> [EXERCISE]
No images, please. Copy each entry below exactly as it reads.
-- GIVEN RECORDS follows --
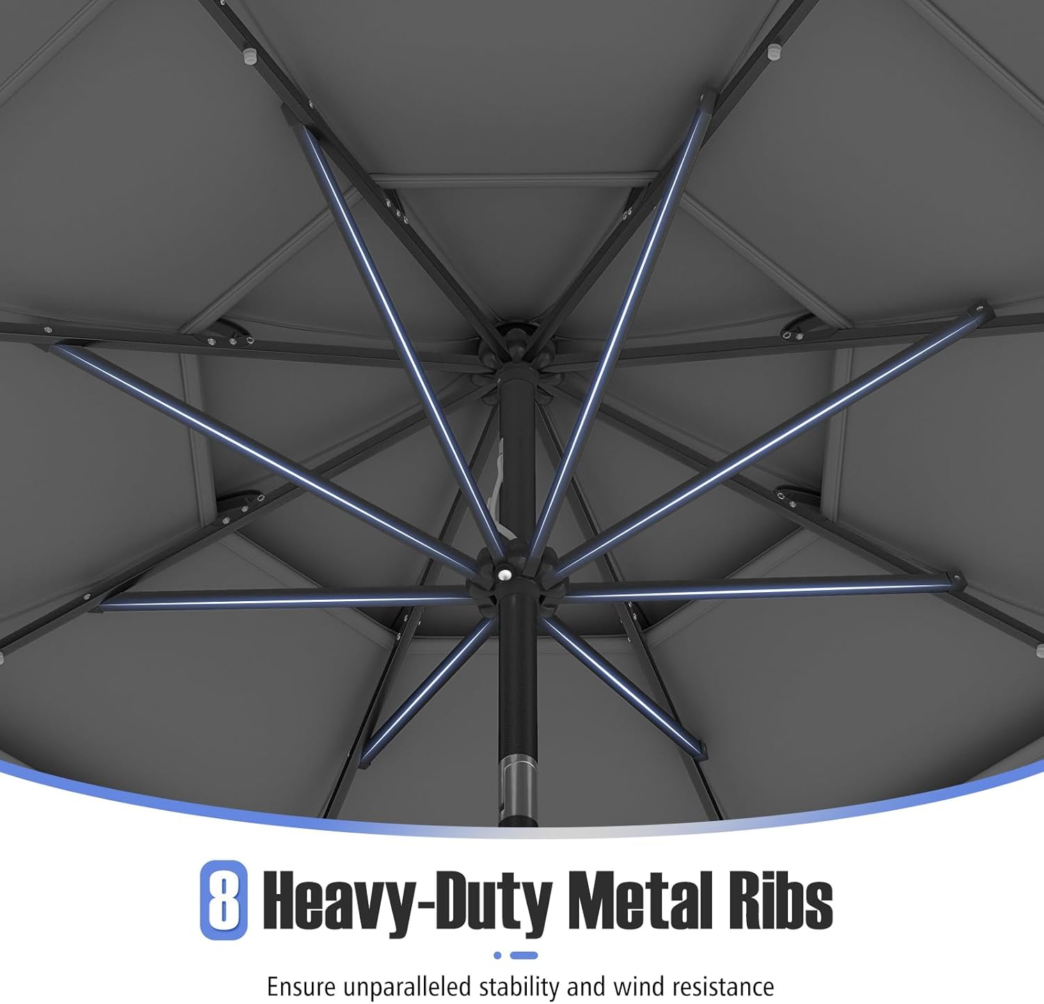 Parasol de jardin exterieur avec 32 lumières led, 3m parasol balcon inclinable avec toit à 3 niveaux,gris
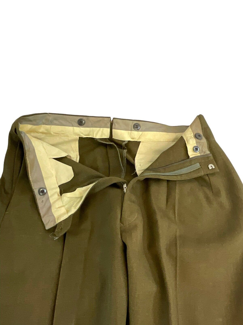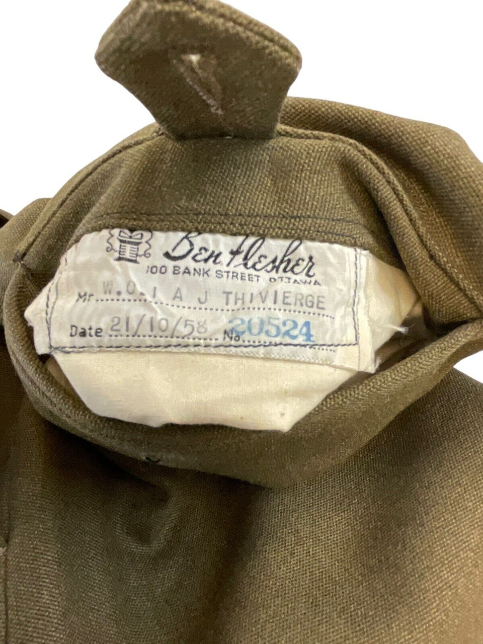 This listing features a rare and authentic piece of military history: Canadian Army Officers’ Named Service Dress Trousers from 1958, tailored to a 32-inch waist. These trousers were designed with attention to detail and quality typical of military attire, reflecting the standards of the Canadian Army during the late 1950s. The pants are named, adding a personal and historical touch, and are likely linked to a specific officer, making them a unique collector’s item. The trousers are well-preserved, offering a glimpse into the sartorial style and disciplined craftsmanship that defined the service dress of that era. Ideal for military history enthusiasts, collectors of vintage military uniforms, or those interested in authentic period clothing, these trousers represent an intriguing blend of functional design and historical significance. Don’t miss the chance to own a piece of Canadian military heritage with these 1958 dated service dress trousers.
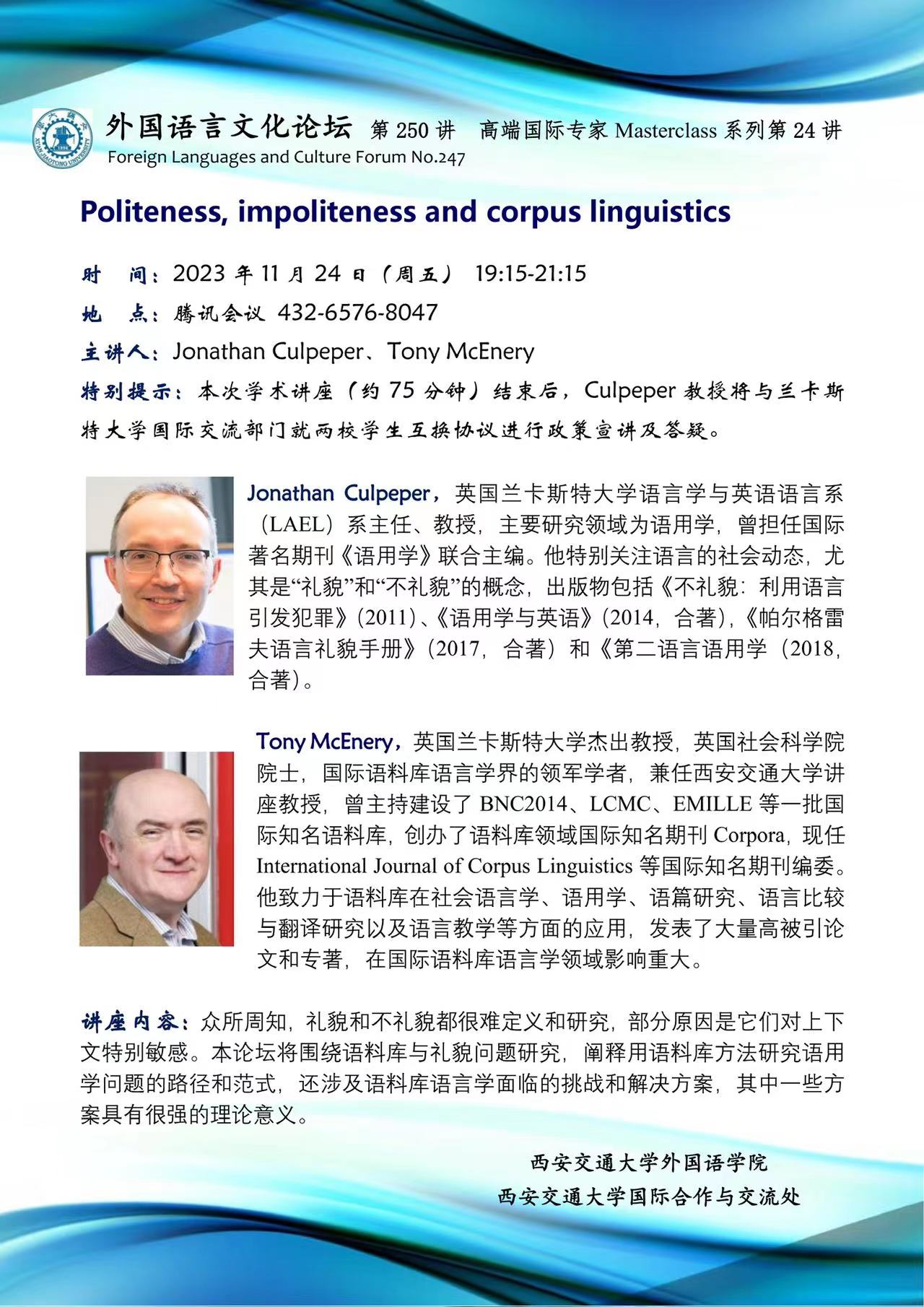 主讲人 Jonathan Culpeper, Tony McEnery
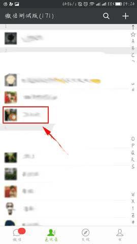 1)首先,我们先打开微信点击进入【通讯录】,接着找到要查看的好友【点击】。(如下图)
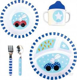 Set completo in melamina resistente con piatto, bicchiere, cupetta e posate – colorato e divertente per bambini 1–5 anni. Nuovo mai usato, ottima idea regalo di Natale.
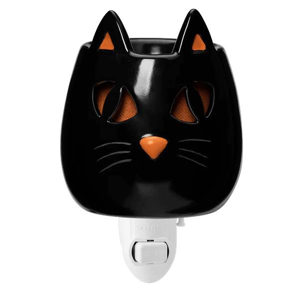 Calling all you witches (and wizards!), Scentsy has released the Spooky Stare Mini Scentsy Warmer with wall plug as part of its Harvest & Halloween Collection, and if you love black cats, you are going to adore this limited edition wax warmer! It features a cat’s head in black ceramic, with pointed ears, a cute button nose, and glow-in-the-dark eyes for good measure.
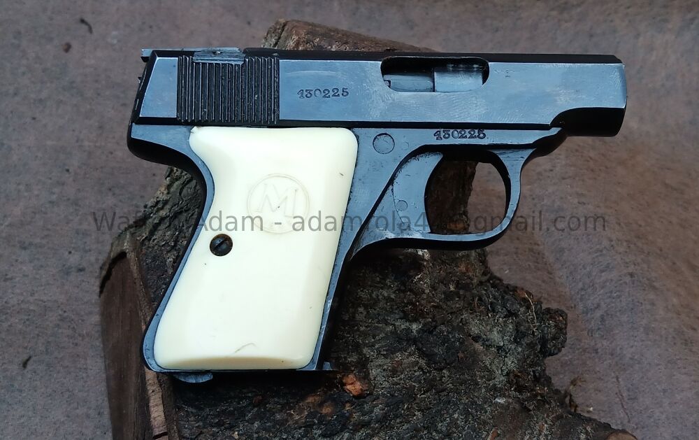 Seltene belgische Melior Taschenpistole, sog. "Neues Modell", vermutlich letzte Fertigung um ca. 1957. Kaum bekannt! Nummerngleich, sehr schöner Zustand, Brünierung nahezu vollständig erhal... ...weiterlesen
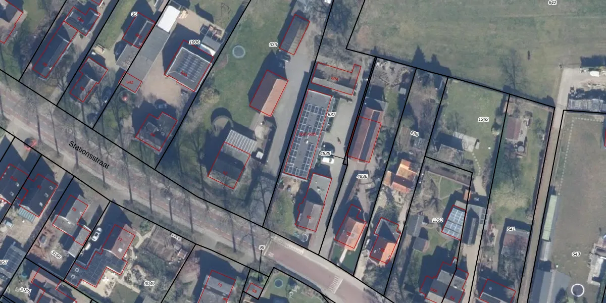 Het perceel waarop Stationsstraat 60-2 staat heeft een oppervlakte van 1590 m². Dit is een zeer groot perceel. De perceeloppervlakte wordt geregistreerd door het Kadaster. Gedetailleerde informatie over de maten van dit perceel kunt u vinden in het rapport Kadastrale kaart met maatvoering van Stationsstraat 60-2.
-- GIVEN RECORDS concluded --
> [TASK ANSWER]
 Parasol de jardin exterieur avec 32 lumières led, 3m parasol balcon inclinable avec toit à 3 niveaux,gris
 This listing features a rare and authentic piece of military history: Canadian Army Officers’ Named Service Dress Trousers from 1958, tailored to a 32-inch waist. These trousers were designed with attention to detail and quality typical of military attire, reflecting the standards of the Canadian Army during the late 1950s. The pants are named, adding a personal and historical touch, and are likely linked to a specific officer, making them a unique collector’s item. The trousers are well-preserved, offering a glimpse into the sartorial style and disciplined craftsmanship that defined the service dress of that era. Ideal for military history enthusiasts, collectors of vintage military uniforms, or those interested in authentic period clothing, these trousers represent an intriguing blend of functional design and historical significance. Don’t miss the chance to own a piece of Canadian military heritage with these 1958 dated service dress trousers.
 主讲人 Jonathan Culpeper, Tony McEnery
 1)首先,我们先打开微信点击进入【通讯录】,接着找到要查看的好友【点击】。(如下图)
 Set completo in melamina resistente con piatto, bicchiere, cupetta e posate – colorato e divertente per bambini 1–5 anni. Nuovo mai usato, ottima idea regalo di Natale.
 Calling all you witches (and wizards!), Scentsy has released the Spooky Stare Mini Scentsy Warmer with wall plug as part of its Harvest & Halloween Collection, and if you love black cats, you are going to adore this limited edition wax warmer! It features a cat’s head in black ceramic, with pointed ears, a cute button nose, and glow-in-the-dark eyes for good measure.
 Seltene belgische Melior Taschenpistole, sog. "Neues Modell", vermutlich letzte Fertigung um ca. 1957. Kaum bekannt! Nummerngleich, sehr schöner Zustand, Brünierung nahezu vollständig erhal... ...weiterlesen
 Het perceel waarop Stationsstraat 60-2 staat heeft een oppervlakte van 1590 m². Dit is een zeer groot perceel. De perceeloppervlakte wordt geregistreerd door het Kadaster. Gedetailleerde informatie over de maten van dit perceel kunt u vinden in het rapport Kadastrale kaart met maatvoering van Stationsstraat 60-2.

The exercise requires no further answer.